INFORMATION START

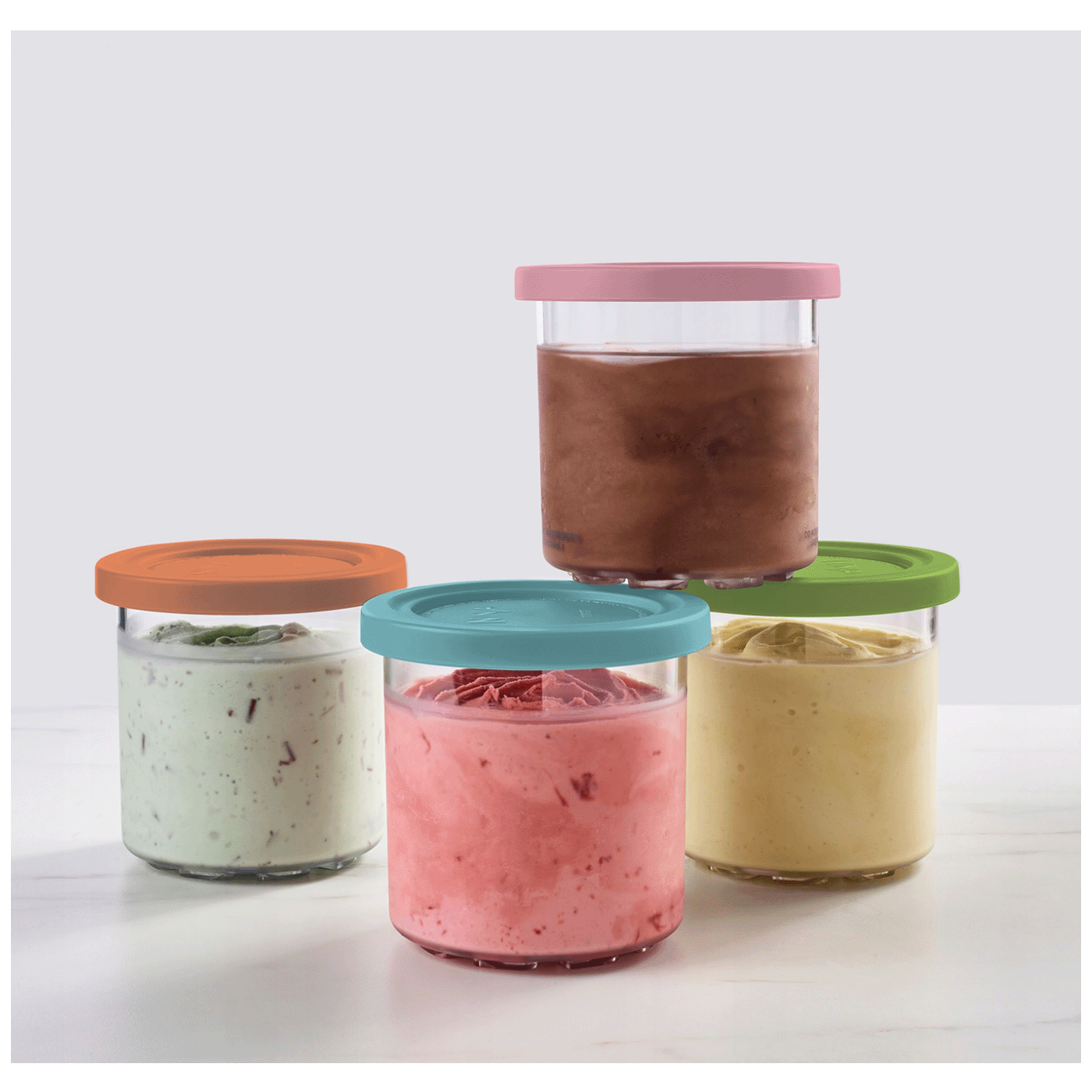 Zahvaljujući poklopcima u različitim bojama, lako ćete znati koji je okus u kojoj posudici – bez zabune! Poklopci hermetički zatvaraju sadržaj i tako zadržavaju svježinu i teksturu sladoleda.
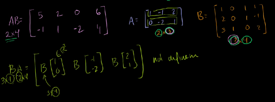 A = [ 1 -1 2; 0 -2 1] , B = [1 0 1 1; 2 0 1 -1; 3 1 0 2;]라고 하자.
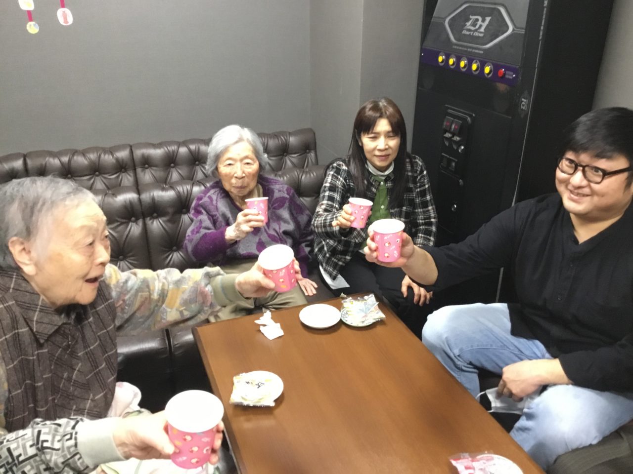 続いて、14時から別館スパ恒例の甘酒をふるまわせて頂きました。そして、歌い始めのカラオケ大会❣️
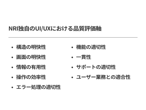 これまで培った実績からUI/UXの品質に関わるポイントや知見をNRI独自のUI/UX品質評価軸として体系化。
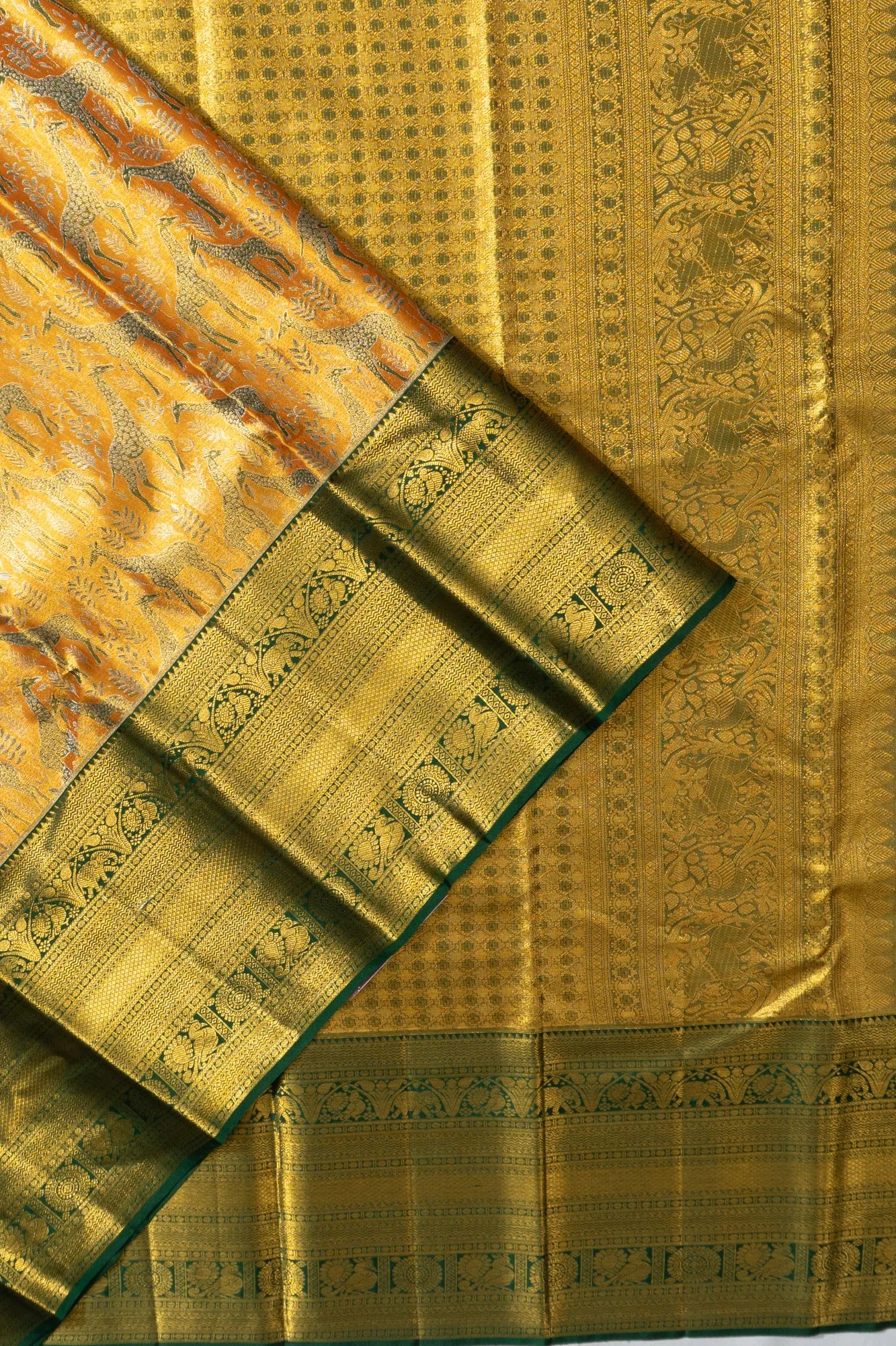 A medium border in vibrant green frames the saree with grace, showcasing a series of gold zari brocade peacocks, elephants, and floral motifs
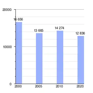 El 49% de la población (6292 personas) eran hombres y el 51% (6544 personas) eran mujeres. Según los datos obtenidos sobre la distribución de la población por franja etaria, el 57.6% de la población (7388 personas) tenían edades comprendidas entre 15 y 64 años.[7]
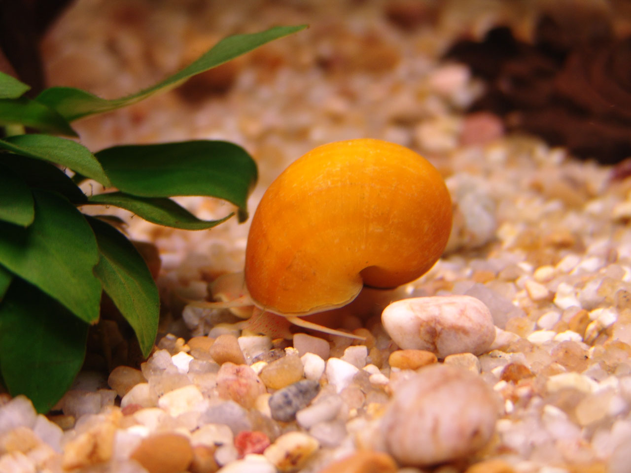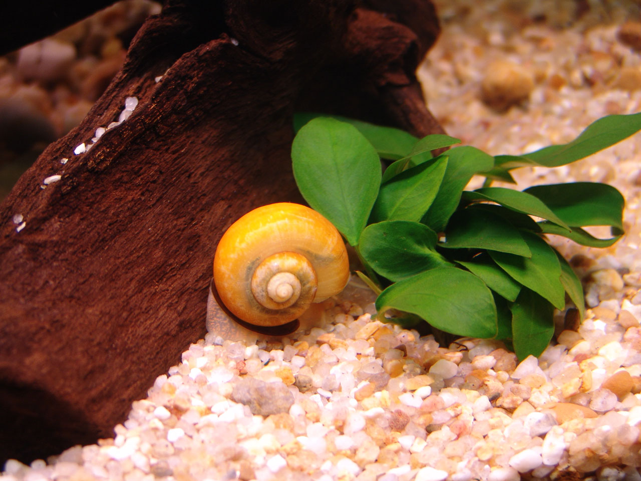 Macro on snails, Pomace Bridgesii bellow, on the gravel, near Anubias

INFORMATION END

▸ WHAT IS NEEDED: Look back over the records above. Reproduce exactly everything from the line with "続いて、14時から別館スパ恒" down to the line with "A medium border", inclusive, and leave the pictures out.

▸ SOLUTION TO THIS PROBLEM:
 続いて、14時から別館スパ恒例の甘酒をふるまわせて頂きました。そして、歌い始めのカラオケ大会❣️
 これまで培った実績からUI/UXの品質に関わるポイントや知見をNRI独自のUI/UX品質評価軸として体系化。
 A medium border in vibrant green frames the saree with grace, showcasing a series of gold zari brocade peacocks, elephants, and floral motifs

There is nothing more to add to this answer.